**What to produce**
Down to the final line, print the records below exactly and without pictures.

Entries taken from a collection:
══════════════════════════════

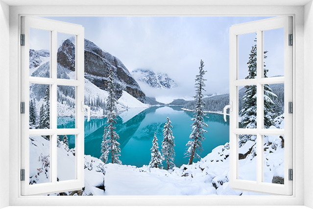 Fototapeta 3D Okno Piękne górskie jezioro zimą - krz-17
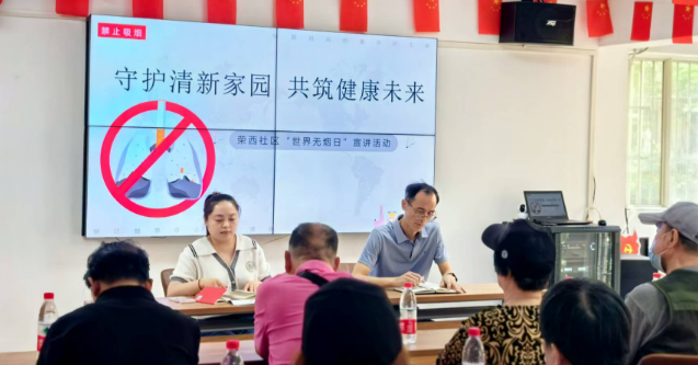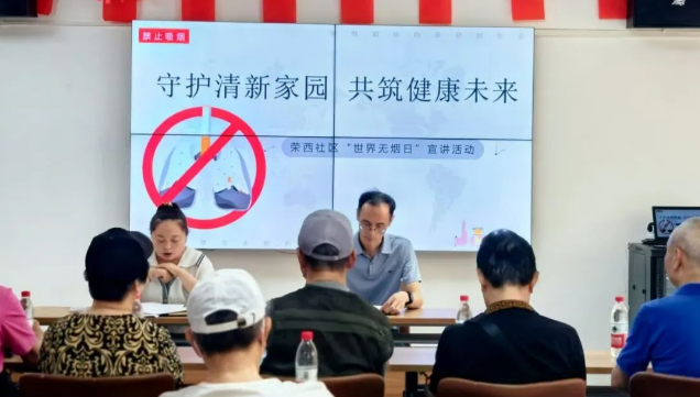 在这绿意盎然、万物生长的五月里,我们迎来了关注健康、呼吁戒烟的“世界无烟日”,为进一步加强控烟科普宣传,减少烟草危害,提升广大居民群众健康素养水平,5月30日,荣西社区紧扣时代脉搏、契合时代主题,开展了以“守护清新家园,共筑健康未来”为主题的科普宣讲活动,旨在深化广大居民对控烟重要性的认识,倡导文明、健康、绿色的生活方式,共同缔造一个健康宜居、和谐共融的生活空间。
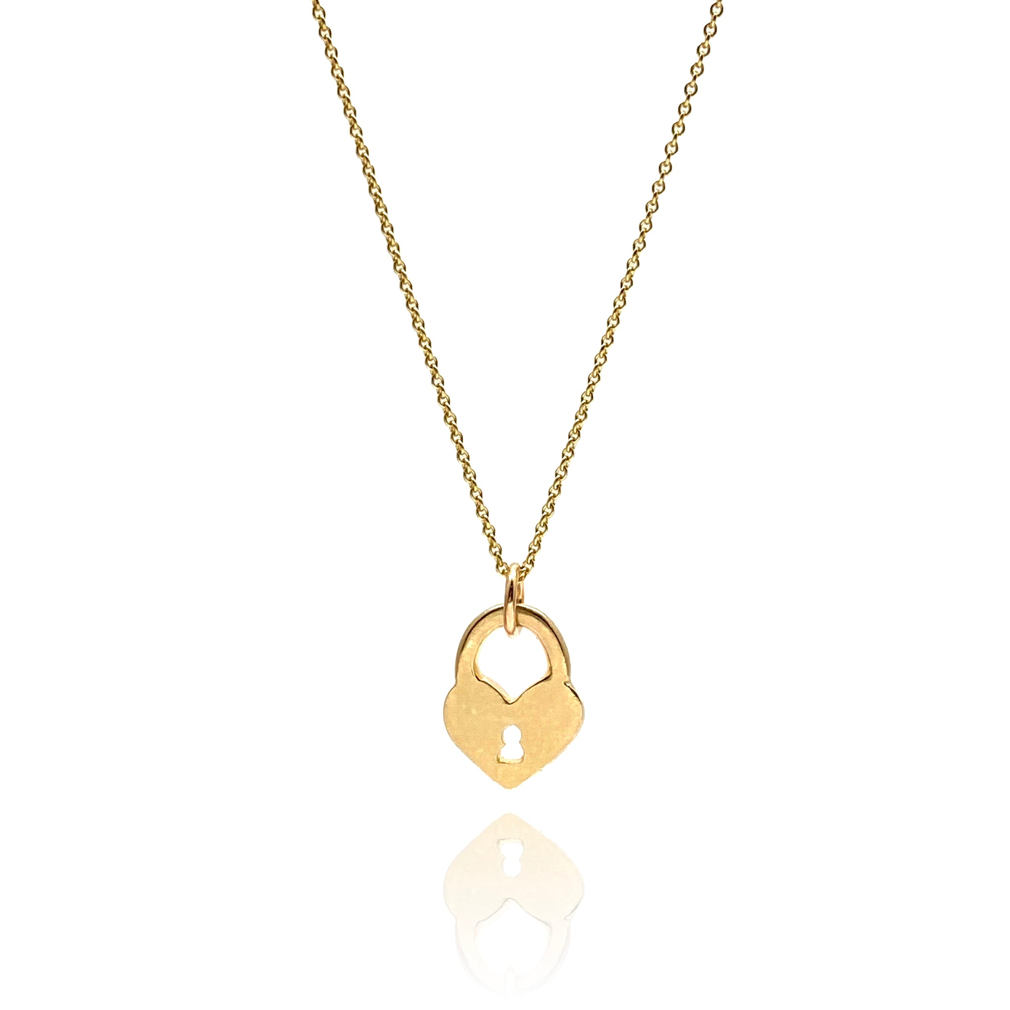 This petite gold pendant is a sweet staple necklace. The 18k gold lock is suspended...
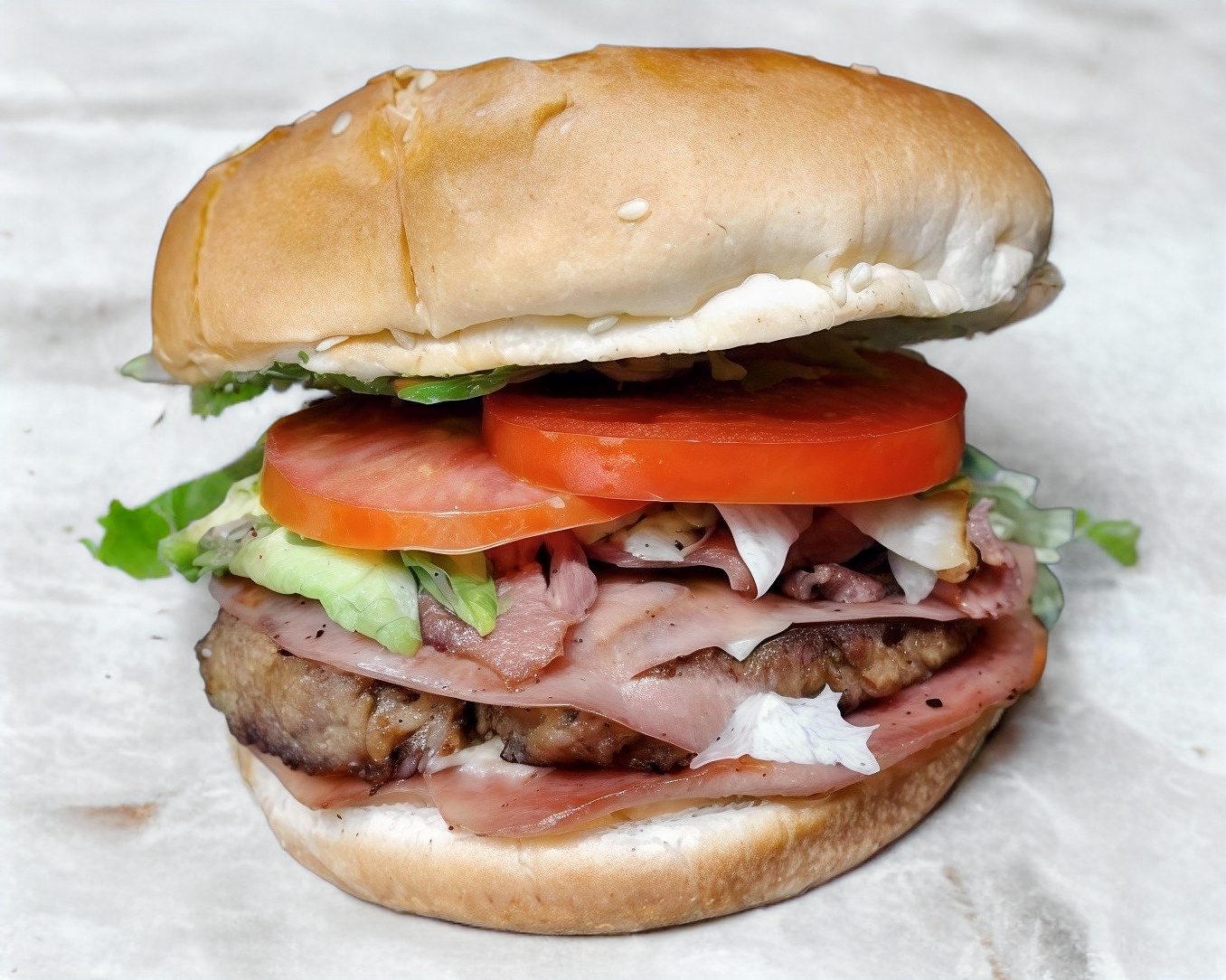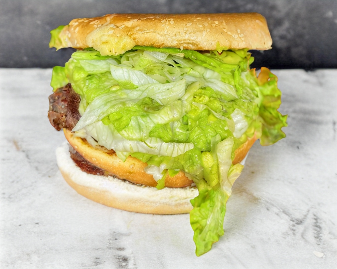 1 Carne 150gr., queso jamón aguacate tomate lechuga y aderezos.
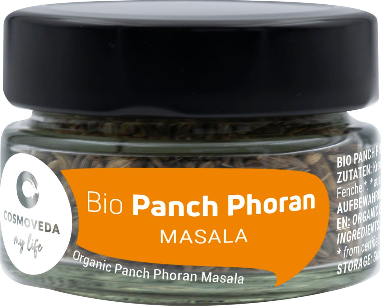 COSMOVEDA ORGANIC Punch Phoran, a specially formulated Ayurvedic mixture of whole spices, which are roasted in ghee at the beginning of cooking process to promote digestion and to support the authentic taste of Indian and ayurvedic dishes.

══════════════════════════════

**Written response**
 Fototapeta 3D Okno Piękne górskie jezioro zimą - krz-17
 在这绿意盎然、万物生长的五月里,我们迎来了关注健康、呼吁戒烟的“世界无烟日”,为进一步加强控烟科普宣传,减少烟草危害,提升广大居民群众健康素养水平,5月30日,荣西社区紧扣时代脉搏、契合时代主题,开展了以“守护清新家园,共筑健康未来”为主题的科普宣讲活动,旨在深化广大居民对控烟重要性的认识,倡导文明、健康、绿色的生活方式,共同缔造一个健康宜居、和谐共融的生活空间。
 This petite gold pendant is a sweet staple necklace. The 18k gold lock is suspended...
 1 Carne 150gr., queso jamón aguacate tomate lechuga y aderezos.
 COSMOVEDA ORGANIC Punch Phoran, a specially formulated Ayurvedic mixture of whole spices, which are roasted in ghee at the beginning of cooking process to promote digestion and to support the authentic taste of Indian and ayurvedic dishes.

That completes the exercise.